◆ What this task involves:
Only the lines below from the one that contains "Surf Life Tropical" through the one that contains "The building has" should appear in your answer, exact and without pictures.
Extracted material START
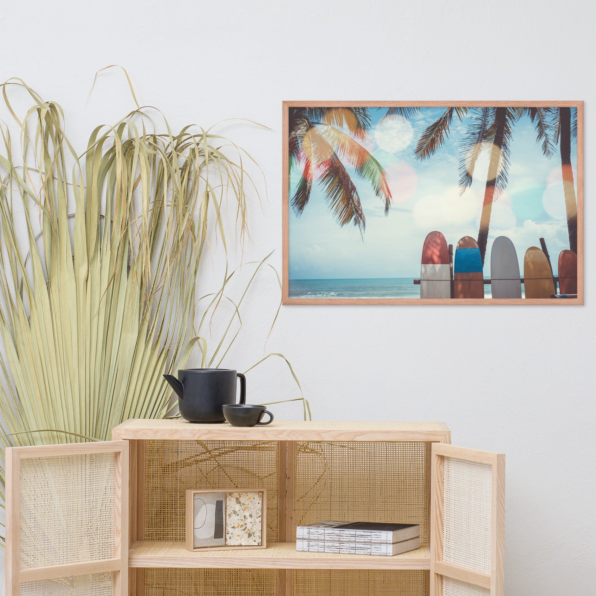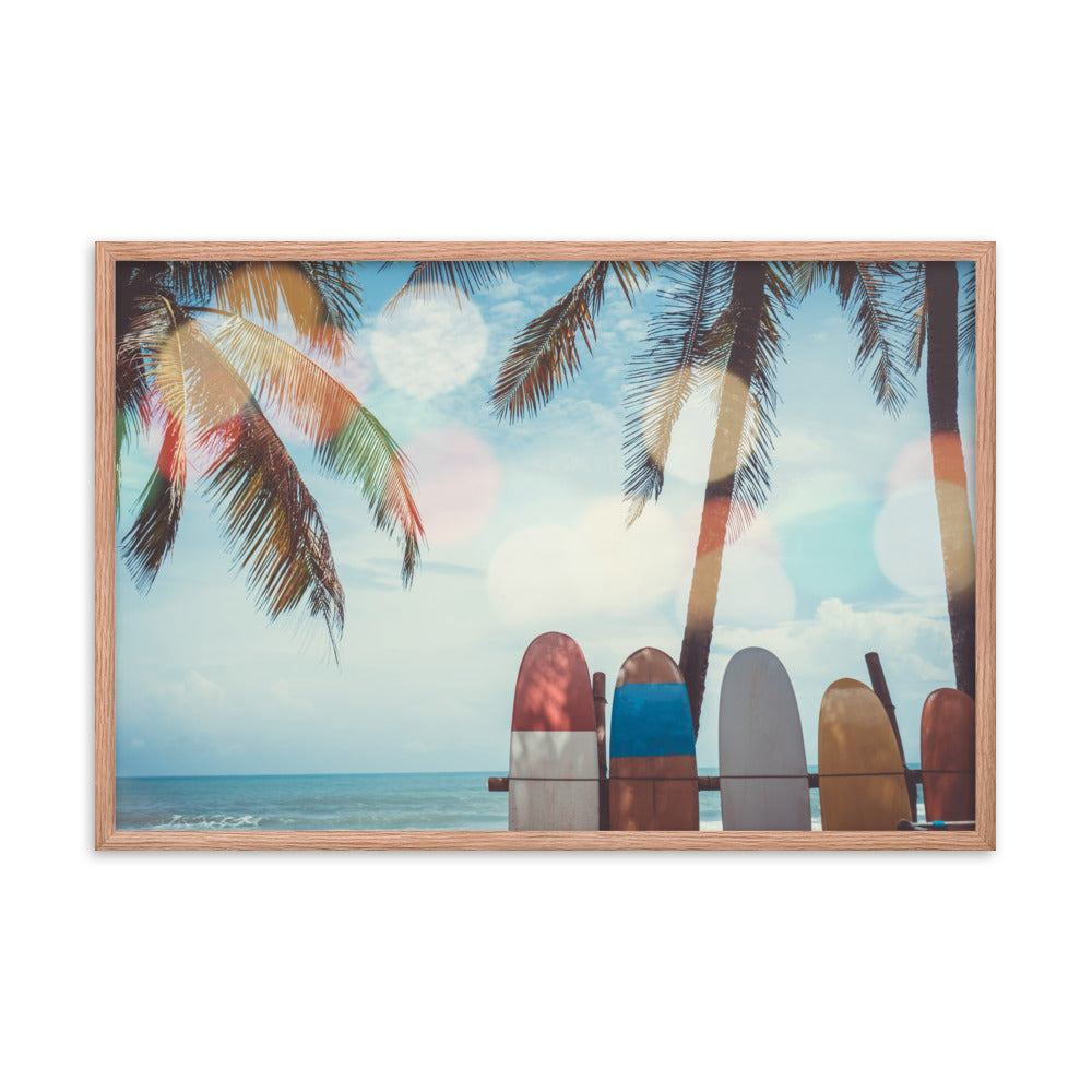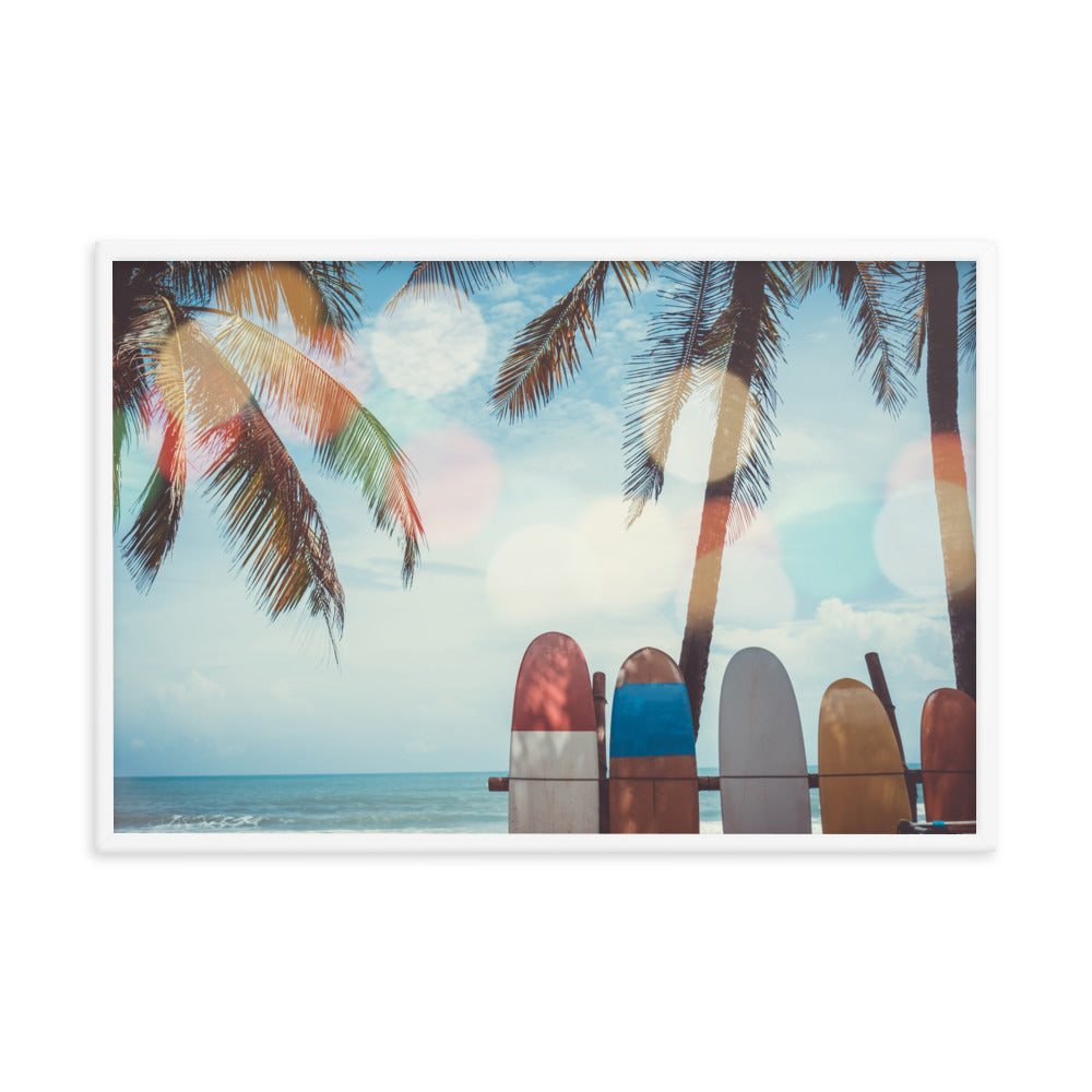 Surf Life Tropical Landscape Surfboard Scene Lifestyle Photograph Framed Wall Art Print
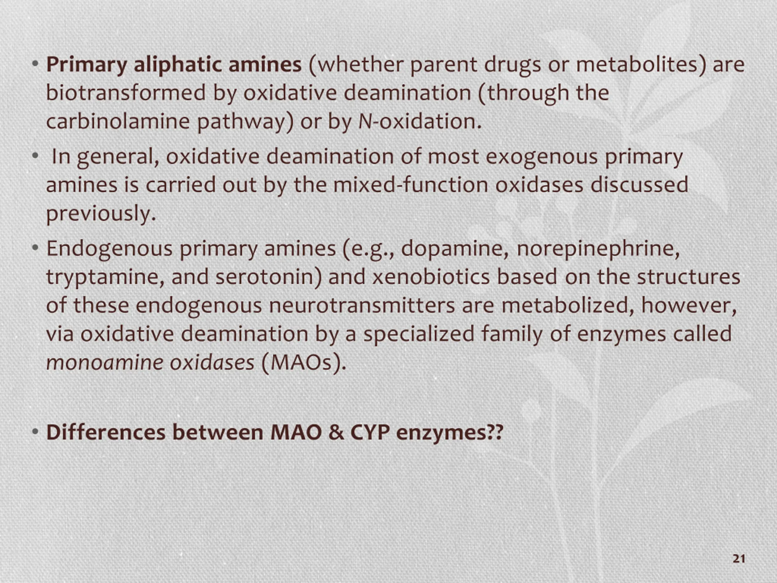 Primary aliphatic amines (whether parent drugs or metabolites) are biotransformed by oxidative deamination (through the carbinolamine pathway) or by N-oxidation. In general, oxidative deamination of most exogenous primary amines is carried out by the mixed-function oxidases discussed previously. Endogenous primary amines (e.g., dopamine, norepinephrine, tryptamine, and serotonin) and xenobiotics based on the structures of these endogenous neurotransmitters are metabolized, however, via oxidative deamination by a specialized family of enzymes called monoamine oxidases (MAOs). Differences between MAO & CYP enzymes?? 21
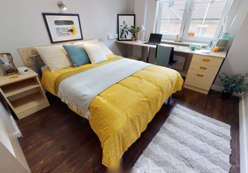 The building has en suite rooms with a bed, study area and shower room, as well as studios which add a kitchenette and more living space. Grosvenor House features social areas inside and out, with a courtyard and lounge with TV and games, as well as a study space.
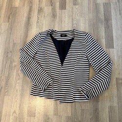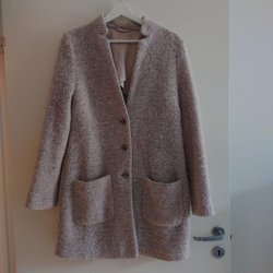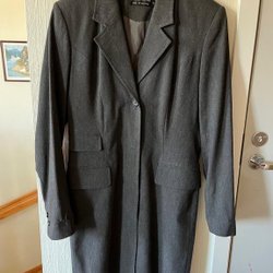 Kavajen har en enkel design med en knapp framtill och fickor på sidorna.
Extracted material END
Extracted material START
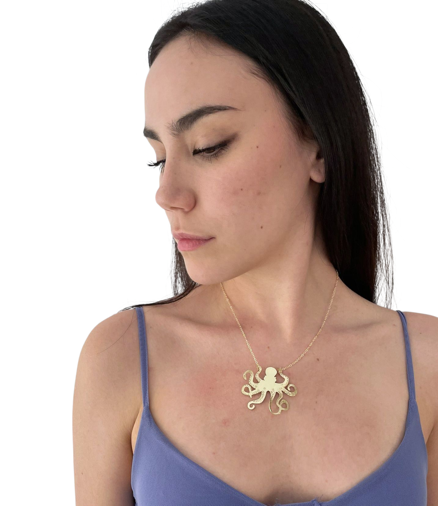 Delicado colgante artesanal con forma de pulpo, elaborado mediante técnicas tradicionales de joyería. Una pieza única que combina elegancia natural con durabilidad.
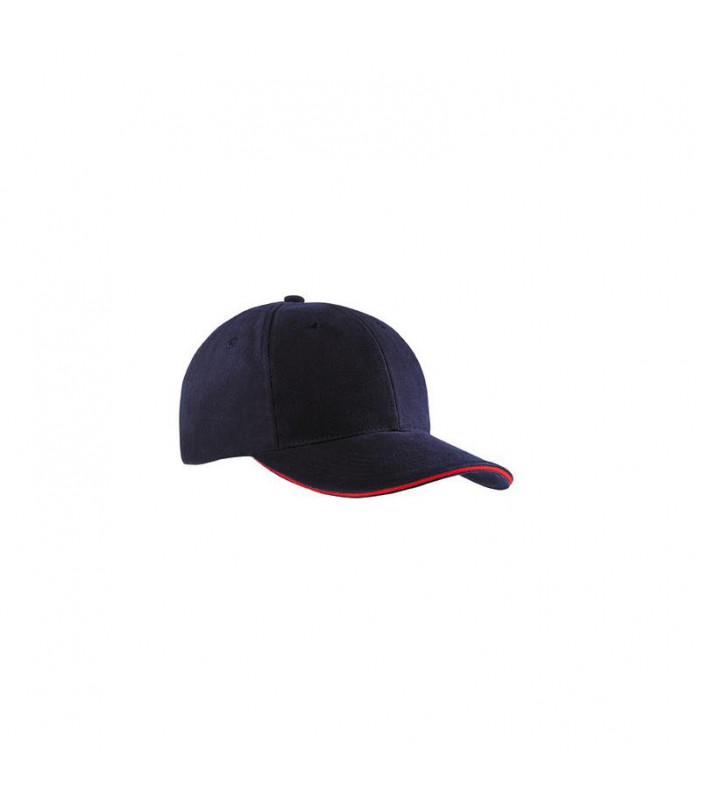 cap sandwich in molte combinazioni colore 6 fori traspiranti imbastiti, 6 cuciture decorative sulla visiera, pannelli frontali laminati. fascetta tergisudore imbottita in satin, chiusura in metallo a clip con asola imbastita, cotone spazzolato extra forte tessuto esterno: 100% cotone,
Extracted material END
Extracted material START
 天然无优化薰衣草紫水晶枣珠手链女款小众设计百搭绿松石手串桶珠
Extracted material END
◆ Response:
 Surf Life Tropical Landscape Surfboard Scene Lifestyle Photograph Framed Wall Art Print
 Primary aliphatic amines (whether parent drugs or metabolites) are biotransformed by oxidative deamination (through the carbinolamine pathway) or by N-oxidation. In general, oxidative deamination of most exogenous primary amines is carried out by the mixed-function oxidases discussed previously. Endogenous primary amines (e.g., dopamine, norepinephrine, tryptamine, and serotonin) and xenobiotics based on the structures of these endogenous neurotransmitters are metabolized, however, via oxidative deamination by a specialized family of enzymes called monoamine oxidases (MAOs). Differences between MAO & CYP enzymes?? 21
 The building has en suite rooms with a bed, study area and shower room, as well as studios which add a kitchenette and more living space. Grosvenor House features social areas inside and out, with a courtyard and lounge with TV and games, as well as a study space.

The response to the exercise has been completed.